COLLECTED MATERIAL —
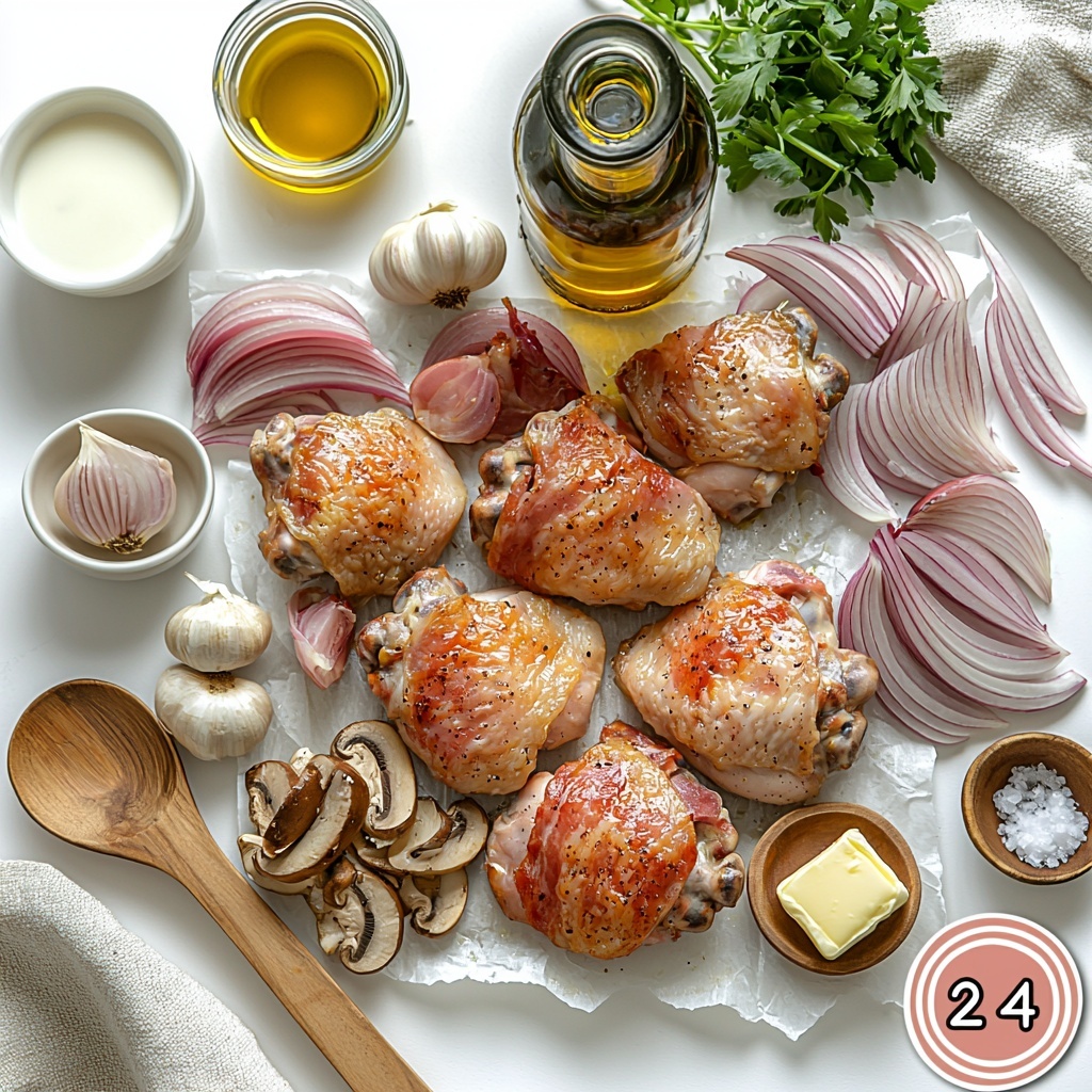 • 250 grams mushrooms, sliced: Earthy flavor and meaty texture complement the chicken perfectly.
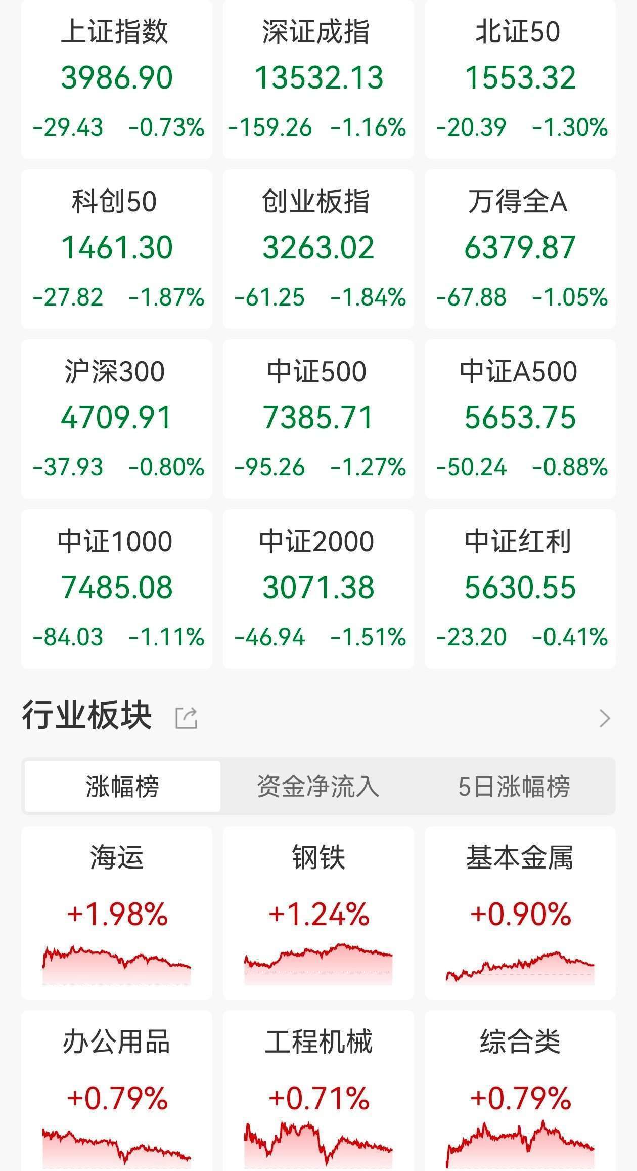 格隆汇10月30日|A股三大指数今日集体下跌,截至收盘,上证指数跌0.73%,深证成指跌1.16%,指跌1.84%,北证50跌1.3%。沪深京三市全天成交额24643亿元,较上日放量1736亿元。全市场4100只个股下跌。板块题材上,能源金属、钢铁、量子科技、电池、风电设备、港口航运、磷化工板块涨幅居前;CPO、PET铜箔、煤炭开采加工、游戏、光刻机、证券板块跌幅居前。
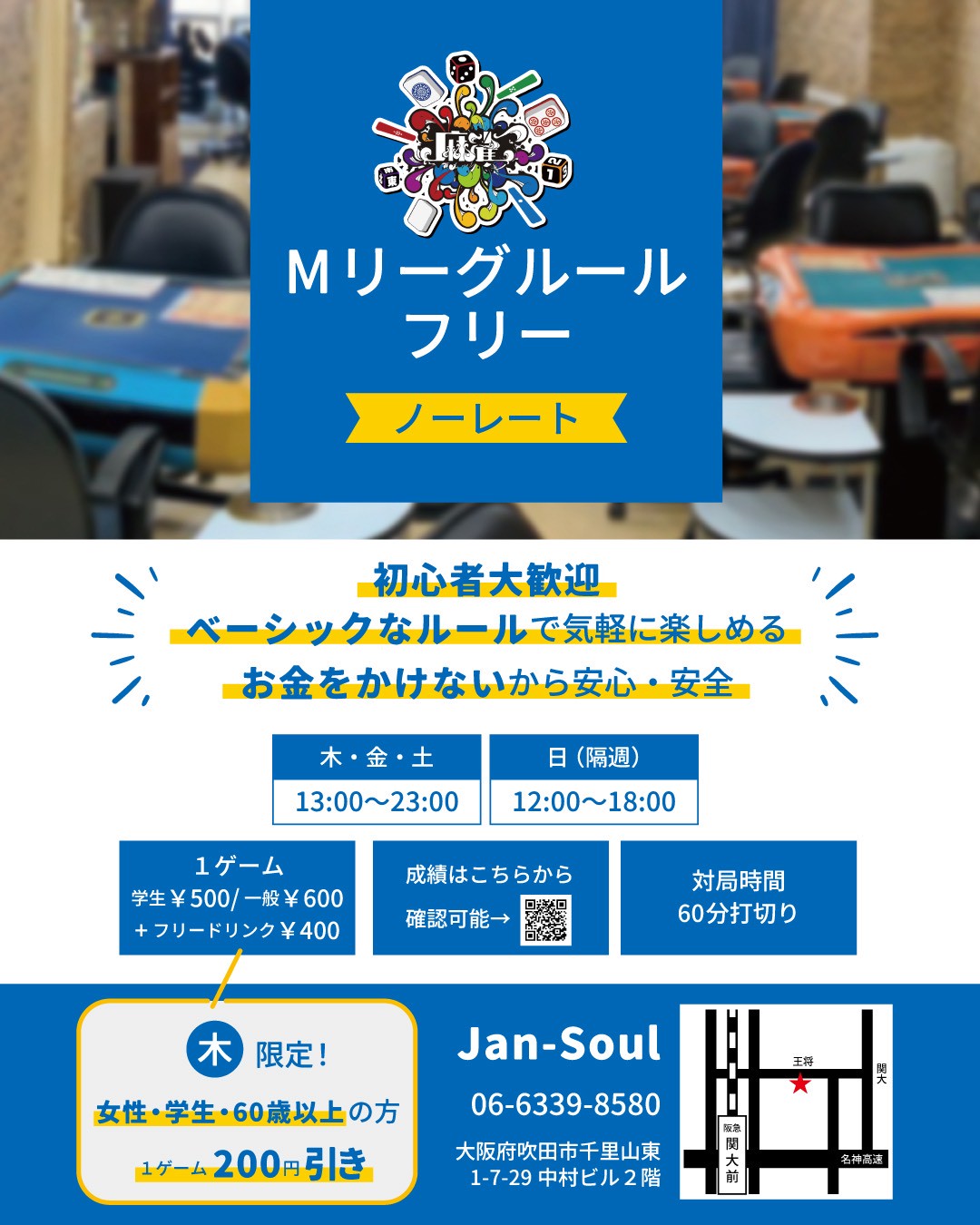 Jan-Soul (ジャンソウル)大阪府 ジャンソウル 大阪府 関大前駅 徒歩5分 セット、健康麻雀、麻雀教室、ノーレート、三麻、フリー、四麻 電話する06-6339-8580 地図 店舗トップ ルール 写真/動画 イベント 求人 クーポン プロ イチオシ ランキング クチコミ 写真一覧 動画一覧 お店のコトを友達に教える Facebook X(旧Twitter) Line Mail お店を評価する 閉店・休業・移転・情報違い報告 クチコミ投稿 報告内容詳細※必須 閉店 休業 移転 情報違い 送信する
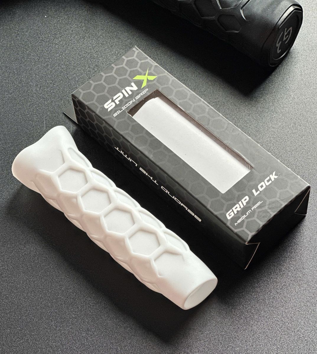 Bọc cán SpinX có cấu trúc vân nổi dạng lục giác lõm nhẹ, ôm sát theo đường cong tự nhiên của bàn tay.

EXERCISE DIRECTIONS — Please output the listing above exactly from its first line through the line with "格隆汇10月30日|A股三大", both included, and nothing beyond that line. Omit pictures.

TASK ANSWER —
 • 250 grams mushrooms, sliced: Earthy flavor and meaty texture complement the chicken perfectly.
 格隆汇10月30日|A股三大指数今日集体下跌,截至收盘,上证指数跌0.73%,深证成指跌1.16%,指跌1.84%,北证50跌1.3%。沪深京三市全天成交额24643亿元,较上日放量1736亿元。全市场4100只个股下跌。板块题材上,能源金属、钢铁、量子科技、电池、风电设备、港口航运、磷化工板块涨幅居前;CPO、PET铜箔、煤炭开采加工、游戏、光刻机、证券板块跌幅居前。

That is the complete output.